> **PROMPT**: I'd like the data below restated word for word, with the pictures left out.

[Items from a dataset]
_ _ _ _

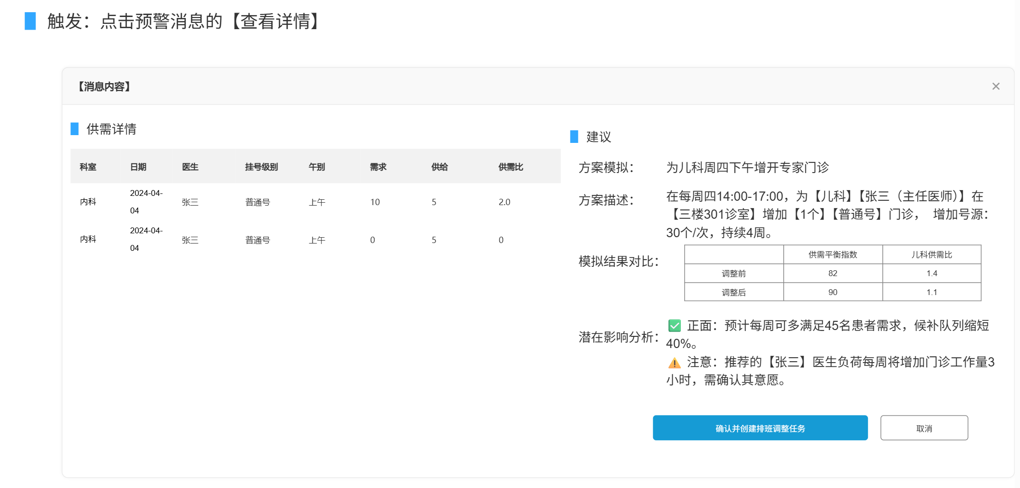 供需平衡分析模块以可视化图表的形式,展示周期供需趋势、资源供需耦合分析、候补队列效能评估、候补需求分布等核心内容,直观呈现各科室 / 医生 / 时段的供需变化;同时,针对供需比突破阈值、平衡指数进入黄灯 / 红灯区等情况,系统会自动发出预警,并结合数据分析结果给出针对性的决策建议(如调整医生排班、增加弹性加号、引导患者错峰就诊等),让管理者的决策有数据支撑、有方向可循。
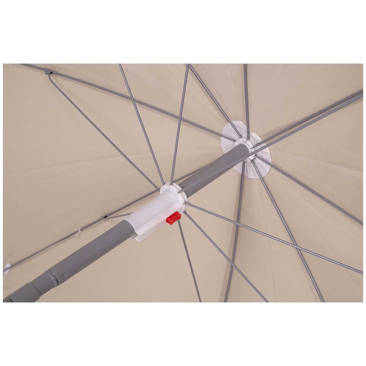 De stalen steel met een diameter van 25 mm past perfect in een parasolvoet, een tafelopening of gewoon in het zand, en is daarnaast compact op te bergen en mee te nemen.
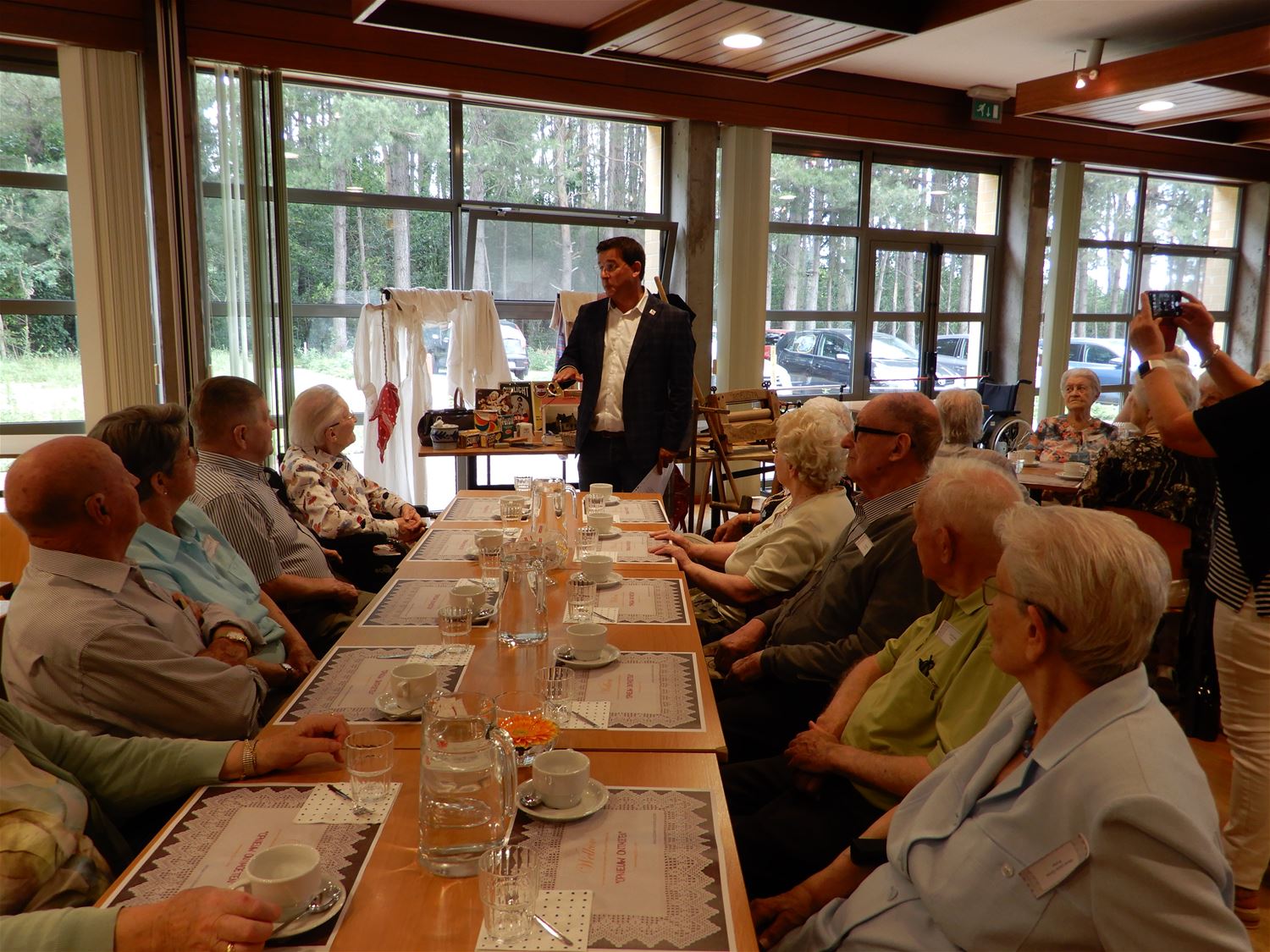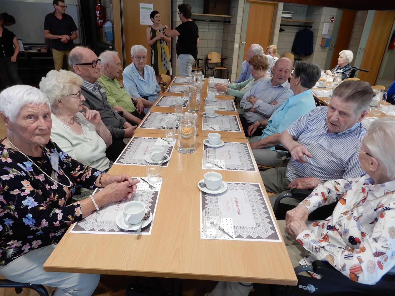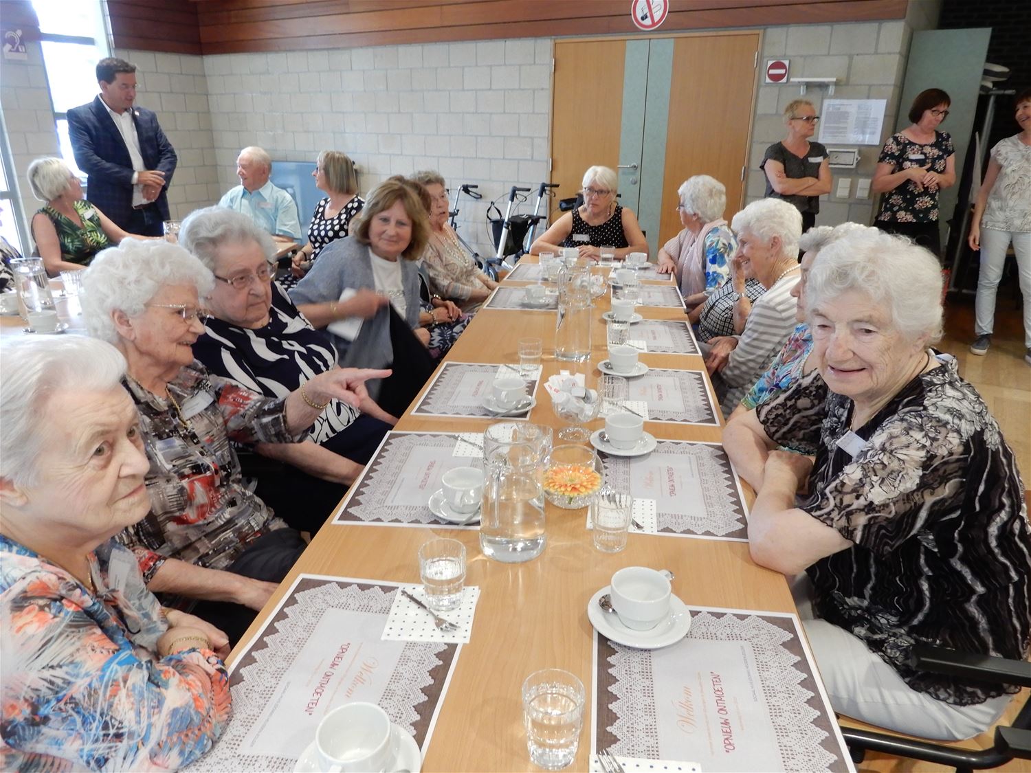 De gemeente bood vandaag het jaarlijkse feest aan de 90-jarigen aan. Zowat 45 van de 298 90-plussers van de gemeenten kwamen naar De Zandloper, wat niet hoeft te verbazen natuurlijk gezien de afnemende mobiliteit voor die leeftijdscategorie. Ze werden getrakteerd op vlaai en koffie of thee. Burgemeester Mario Borremans bracht hulde aan de vrijwilligers en mantelzorgers die voor onze oudste senioren zorgen. Voor een bijzondere attractie zorgt Tessy Pellaerts met een tentoonstelling van gebruiksvoorwerpen en 'huishoudtoestellen' uit de tijd van toen. (foto's Julien Maebe)
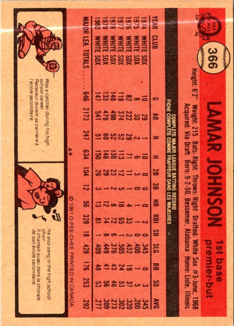 The 1981 O-Pee-Chee Lamar Johnson baseball card is a great addition to any collection! Show off your love of the Chicago White Sox with this classic card featuring the team's talented outfielder. This card features a full-color photograph of Johnson in action on the field and a brief description of his career highlights on the back, making it a great addition to any sports fan's collection. Show off your White Sox pride and add this card to your collection today!
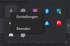 - Nach Start erscheint ein Tray‑Icon. Das kleine Aufnahme‑Widget wird angezeigt, wenn Discord oder die App fokussiert ist.
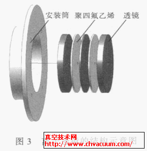 三級真空前端的離子透鏡采用“厚、薄、厚”的結構(見圖3)。厚透鏡片的厚度4 mm,薄透鏡片的厚度為1 mm,透鏡元件之間用1 mm 厚的聚四氟乙烯墊環隔開,起到了絕緣和密封的作用。離子透鏡組件的三片透鏡和兩片聚四氟乙烯絕緣片一同被安裝到透鏡安裝筒內。安裝筒的材料為聚四氟乙烯,起到了絕緣和密封的作用,它的外徑與二三級連接件的內徑相同,因此可以嵌入安裝到二三級連接件內部。離子透鏡組件的另一側用來安裝離子阱。
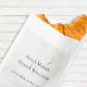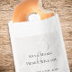 This design features an elegant floral blush wedding candy favours greenery favour bag, with a stylish trendy calligraphy script party paper favour bag, with simple minimalist calligraphy ampersand lettering, wedding bride and groom names, a simple white flower leaves foliage, a wedding party reception treat favour, a wedding guest cookies bars desserts, a simplistic elegance rust earth tones, a minimalist minimal classic traditional, a creative stylish wedding décor.
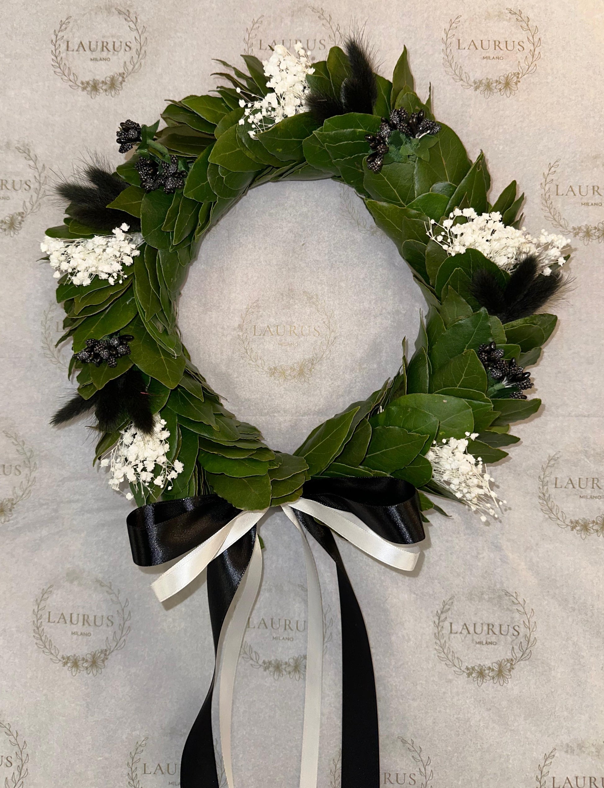 Corona d'Alloro con Gypsophila stabilizzata bianca, Pampas neri, mini Bacche nere e fiocco doppio in raso nero e bianco sottile (30-s01) da 30cm.
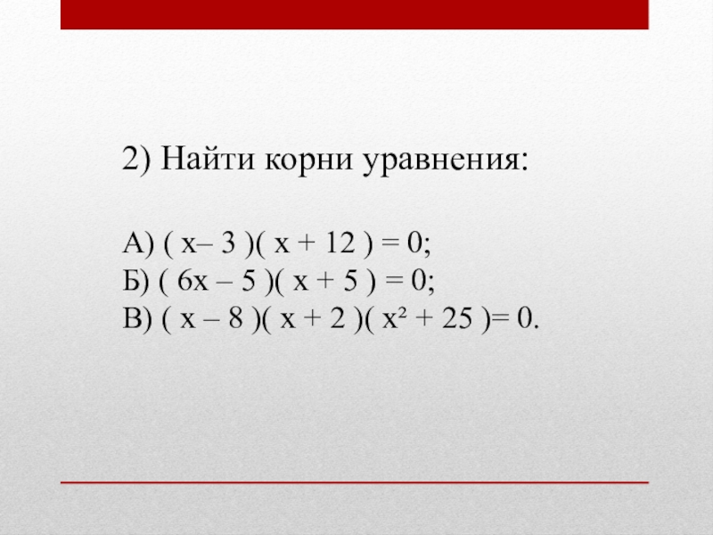 2) Найти корни уравнения:А) ( х– 3 )( х + 12 ) = 0;Б) ( 6х –
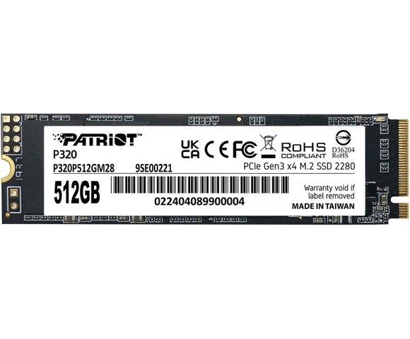 Kućni ljubimciPatriot P320 512GB M.2 2280 PCIE SSD disk (P320P512GM28), Kapacitet: 512 GB, Interfejs: PCIe Gen3 ×4, NVMe 1.3, Brzina čitanja: do 3000 MB/s, Brzina pisanja: do 2200 MB/s, Dimenzije: 80 × 22 × 3,8 mm
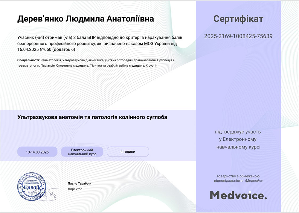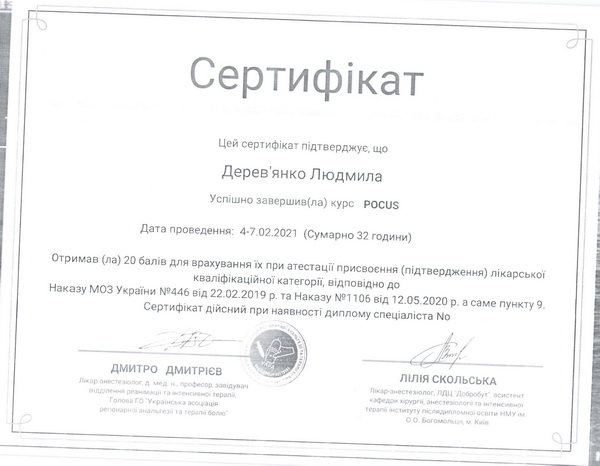 - 2017 — получила сертификат врача специалиста по ультразвуковой диагностике (НМАПО им. П. Шупика).
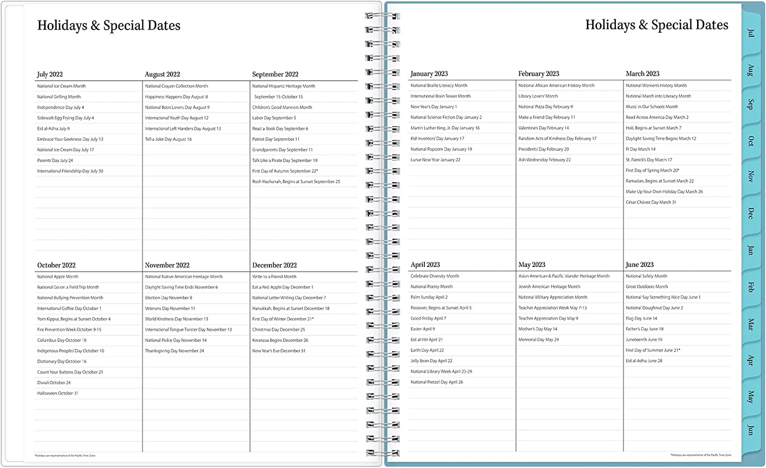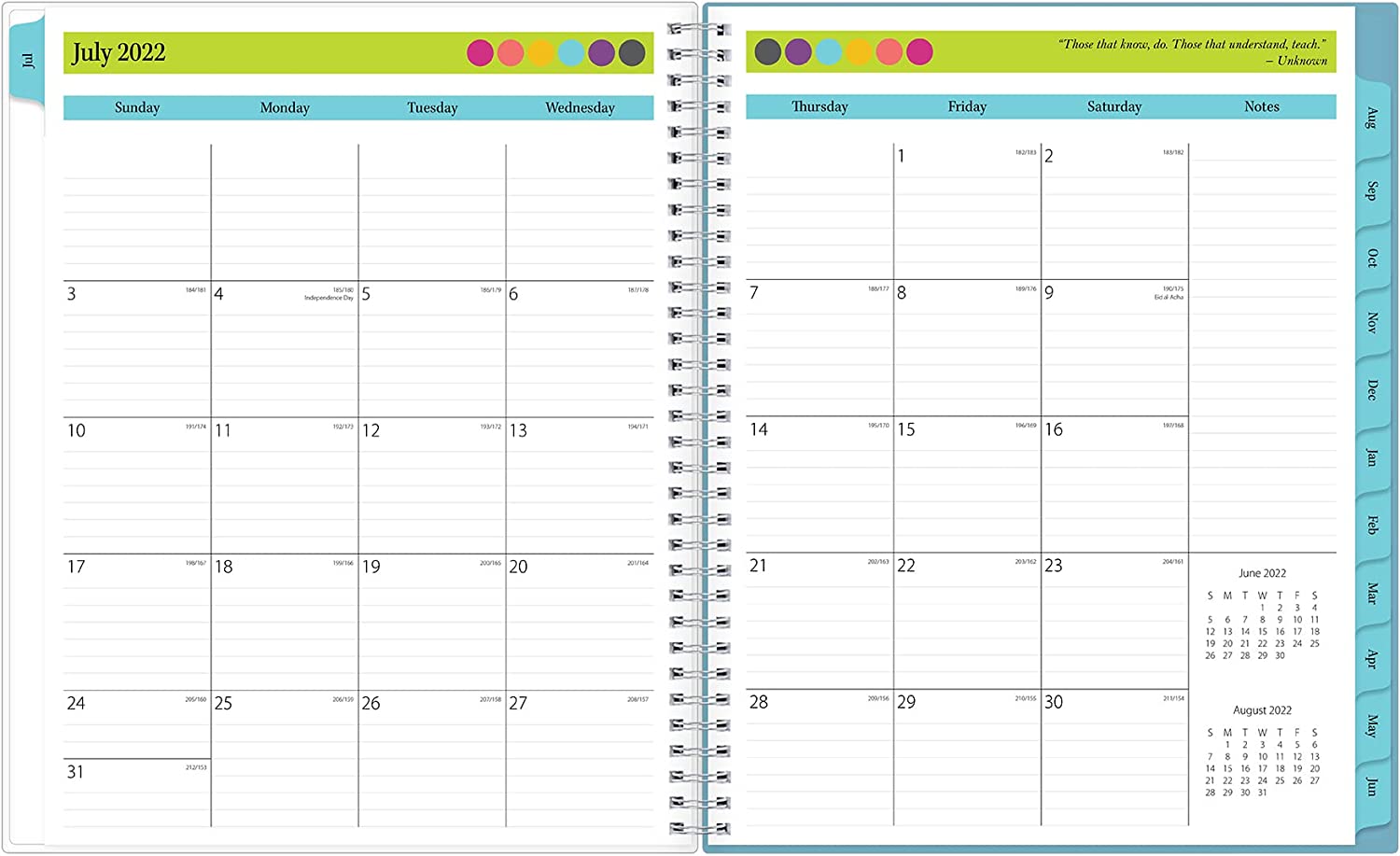 • July 2022 - June 2023 stylish day planner with 12 months of monthly and weekly pages for easy academic planning and scheduling; 3 additional monthly pages (April 2022 - June 2022) are included

_ _ _ _

> **OUTPUT FOR THIS EXERCISE**:
 供需平衡分析模块以可视化图表的形式,展示周期供需趋势、资源供需耦合分析、候补队列效能评估、候补需求分布等核心内容,直观呈现各科室 / 医生 / 时段的供需变化;同时,针对供需比突破阈值、平衡指数进入黄灯 / 红灯区等情况,系统会自动发出预警,并结合数据分析结果给出针对性的决策建议(如调整医生排班、增加弹性加号、引导患者错峰就诊等),让管理者的决策有数据支撑、有方向可循。
 De stalen steel met een diameter van 25 mm past perfect in een parasolvoet, een tafelopening of gewoon in het zand, en is daarnaast compact op te bergen en mee te nemen.
 De gemeente bood vandaag het jaarlijkse feest aan de 90-jarigen aan. Zowat 45 van de 298 90-plussers van de gemeenten kwamen naar De Zandloper, wat niet hoeft te verbazen natuurlijk gezien de afnemende mobiliteit voor die leeftijdscategorie. Ze werden getrakteerd op vlaai en koffie of thee. Burgemeester Mario Borremans bracht hulde aan de vrijwilligers en mantelzorgers die voor onze oudste senioren zorgen. Voor een bijzondere attractie zorgt Tessy Pellaerts met een tentoonstelling van gebruiksvoorwerpen en 'huishoudtoestellen' uit de tijd van toen. (foto's Julien Maebe)
 The 1981 O-Pee-Chee Lamar Johnson baseball card is a great addition to any collection! Show off your love of the Chicago White Sox with this classic card featuring the team's talented outfielder. This card features a full-color photograph of Johnson in action on the field and a brief description of his career highlights on the back, making it a great addition to any sports fan's collection. Show off your White Sox pride and add this card to your collection today!
 - Nach Start erscheint ein Tray‑Icon. Das kleine Aufnahme‑Widget wird angezeigt, wenn Discord oder die App fokussiert ist.
 三級真空前端的離子透鏡采用“厚、薄、厚”的結構(見圖3)。厚透鏡片的厚度4 mm,薄透鏡片的厚度為1 mm,透鏡元件之間用1 mm 厚的聚四氟乙烯墊環隔開,起到了絕緣和密封的作用。離子透鏡組件的三片透鏡和兩片聚四氟乙烯絕緣片一同被安裝到透鏡安裝筒內。安裝筒的材料為聚四氟乙烯,起到了絕緣和密封的作用,它的外徑與二三級連接件的內徑相同,因此可以嵌入安裝到二三級連接件內部。離子透鏡組件的另一側用來安裝離子阱。
 This design features an elegant floral blush wedding candy favours greenery favour bag, with a stylish trendy calligraphy script party paper favour bag, with simple minimalist calligraphy ampersand lettering, wedding bride and groom names, a simple white flower leaves foliage, a wedding party reception treat favour, a wedding guest cookies bars desserts, a simplistic elegance rust earth tones, a minimalist minimal classic traditional, a creative stylish wedding décor.
 Corona d'Alloro con Gypsophila stabilizzata bianca, Pampas neri, mini Bacche nere e fiocco doppio in raso nero e bianco sottile (30-s01) da 30cm.
 2) Найти корни уравнения:А) ( х– 3 )( х + 12 ) = 0;Б) ( 6х –
 Kućni ljubimciPatriot P320 512GB M.2 2280 PCIE SSD disk (P320P512GM28), Kapacitet: 512 GB, Interfejs: PCIe Gen3 ×4, NVMe 1.3, Brzina čitanja: do 3000 MB/s, Brzina pisanja: do 2200 MB/s, Dimenzije: 80 × 22 × 3,8 mm
 - 2017 — получила сертификат врача специалиста по ультразвуковой диагностике (НМАПО им. П. Шупика).
 • July 2022 - June 2023 stylish day planner with 12 months of monthly and weekly pages for easy academic planning and scheduling; 3 additional monthly pages (April 2022 - June 2022) are included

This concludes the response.